In addition to performing revising functions, legislative paralegals in the Office also assist drafters by drafting consequential and related amendments to lengthy bills.
Another function carried out by the Office is overseeing the printing of government bills before they are introduced in Parliament and the printing of Acts after Royal Assent. Acts are published in the "Assented to" service, the Canada Gazette and in the Annual Statutes. The Office is also responsible for publishing the consolidation of the Constitution Acts, 1967 to 1982 and the Table of Public Statutes and Responsible Ministers, an indispensable reference tool.
Finally, the Office maintains master copies of all federal Acts and regulations, including historical indexes of amendments. These master Acts and regulations are for internal use and are essential tools in the drafting of bills.
Once a legislative proposal has received Cabinet's approval, the Director of the Legislation Section assigns responsibility for drafting.
Each proposal is assigned to a team of two drafters: one responsible for the English version, the other for the French version. In exceptional cases, several teams of drafters may be assigned to draft very lengthy bills.
The choice of drafters depends on:
Although specialization in particular fields is not encouraged, drafters are frequently assigned files on the basis of their experience in the same area or in a related area.
Time constraints are among the most important matters to be considered in drafting a bill. Drafting timetables are based on the priorities established by the Leader of the Government in the House of Commons and approved by Cabinet.
A bill is much like a book: once the outline is out of the way, it still has to be written and published. The time required depends on its nature, the complexity of its subject matter, the quality of drafting instructions and comments from the instructing officers and the political requirements that the bill is called upon to answer. But, in every case, enough time is needed for drafting to produce an acceptable product. Without this time, the quality or effectiveness of the bill may be compromised.

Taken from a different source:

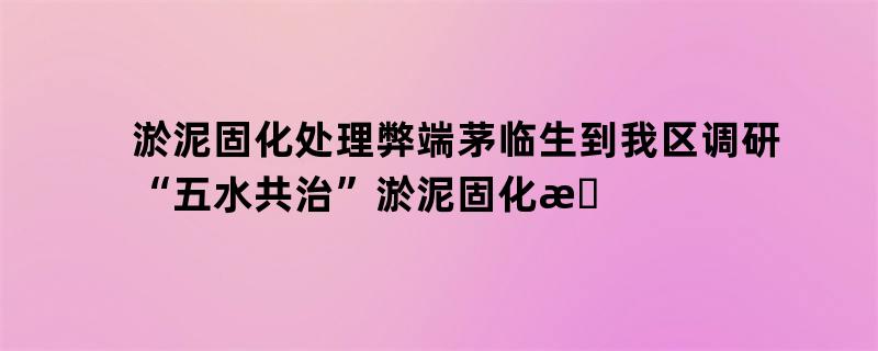淤泥固化处理弊端茅临生到我区调研“五水共治”淤泥固化措置获点赞
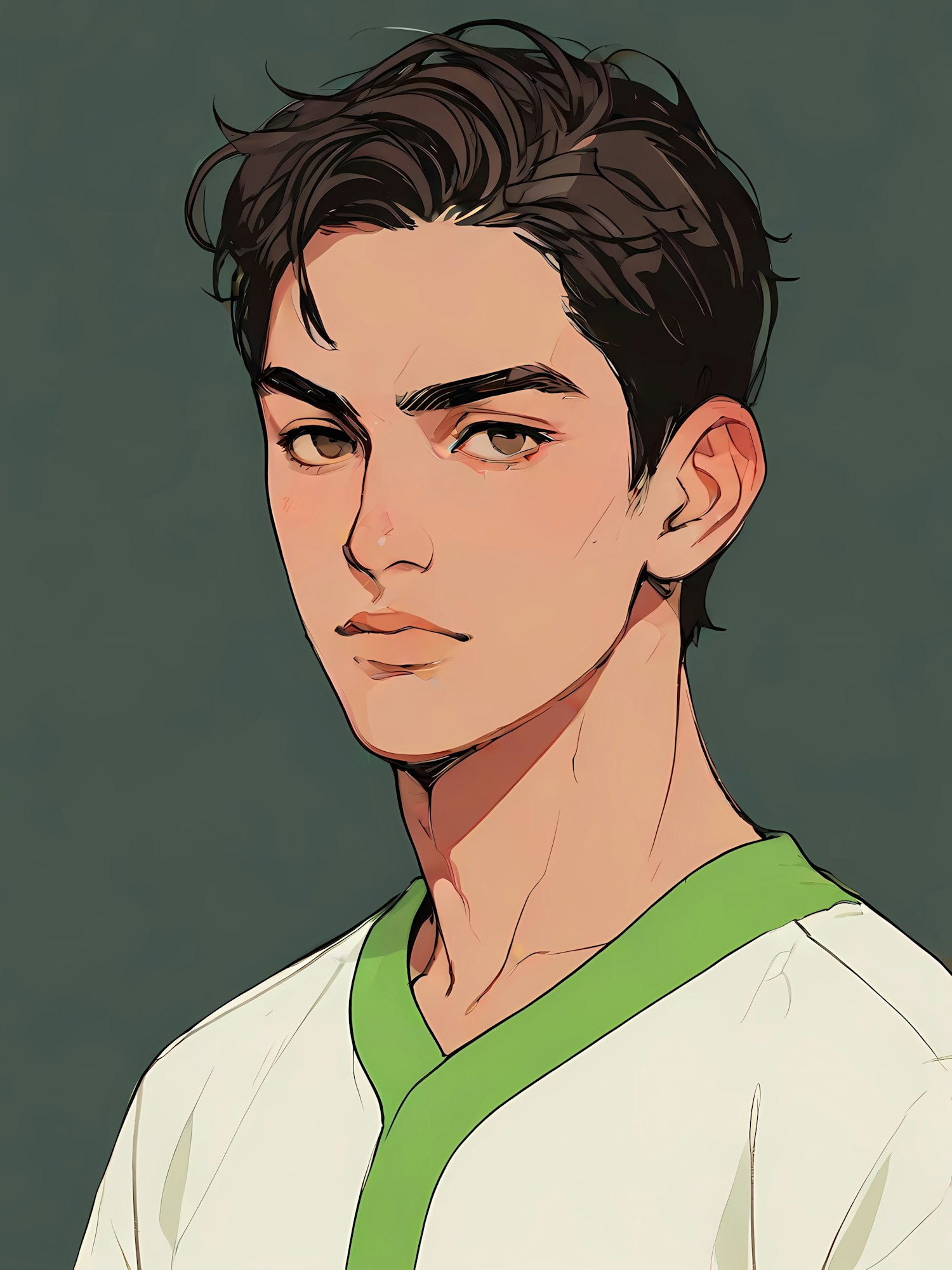 Stylized illustration of a young man with dark brown hair, light brown eyes, and a white shirt with a green neckline on a muted green background.

The drafting phase ends with printing a series of page proofs of the bill. Printing is interspersed with revisions made by drafters, jurilinguists, editors and instructing officials. The time needed for these aspects also has to be taken into account. This is the quality control stage. It deals with not only the wording, but also the substance that the wording conveys. It is often only at this stage that central agencies (Privy Council Office, Treasury Board Secretariat, Department of Finance) can fully appreciate the proposed legislation.
It is no exaggeration to say that three weeks should be set aside for the printing stage. Printing in bill format is an effective way to focus attention on the details of the proposal.
Before promising the sponsoring minister to produce a bill within a particular time frame, instructing officers should discuss with the drafters the timetable for producing the bill. Once the instructing officers are attuned to the drafting considerations, they will be able to advise their minister realistically. It is crucial not to underestimate the time required to prepare a bill that is well-drafted and effective.
The following are some of the things that should be taken into consideration:
Questions about drafting priorities are determined by the Director of the Legislation Section and the Assistant Secretary to the Cabinet, Legislation and House Planning/Counsel Secretariat, taking into account the factors listed above. The approval of the Leader of the Government in the House of Commons is sought when necessary.
Ordinarily, drafting begins once a legislative proposal has been authorized by Cabinet through a Record of Decision. In exceptional circumstances, when it is necessary to meet the priorities of the Government, the Leader of the Government in the House of Commons may give approval for drafting to begin before the Cabinet authorization has been formally obtained. The sponsoring Department must contact the Assistant Secretary to the Cabinet, Legislation and House Planning/Counsel, who consults with the Director of the Legislation Section.
Co-drafting involves drafting the two versions of a bill together using a team of two drafters. One is responsible for the English version, while the other is responsible for the French. The Legislation Section uses the technique of co-drafting to ensure that each language version is properly drafted and reflects both the civil and common law systems.
Section 133 of the Constitution Act, 1867 requires Acts to be enacted, printed and published in both official languages. The two versions must be enacted at the same time and are equally authoritative. If these requirements are not met, the Act is invalid.
It is also important to keep in mind that, when a federal Act is considered in court, the court interprets and applies both versions. This underscores even further the importance of ensuring that both versions reflect the intention of the Government.
In 1976, in response to severe criticism from the Commissioner of Official Languages, the Department established a committee to propose ways of ensuring the equality of French and English versions throughout the legislation preparation process and providing the Government with bills of the highest possible quality. The committee concluded that there was no magic solution and recommended co-drafting, an original drafting method that has since been adopted by other countries.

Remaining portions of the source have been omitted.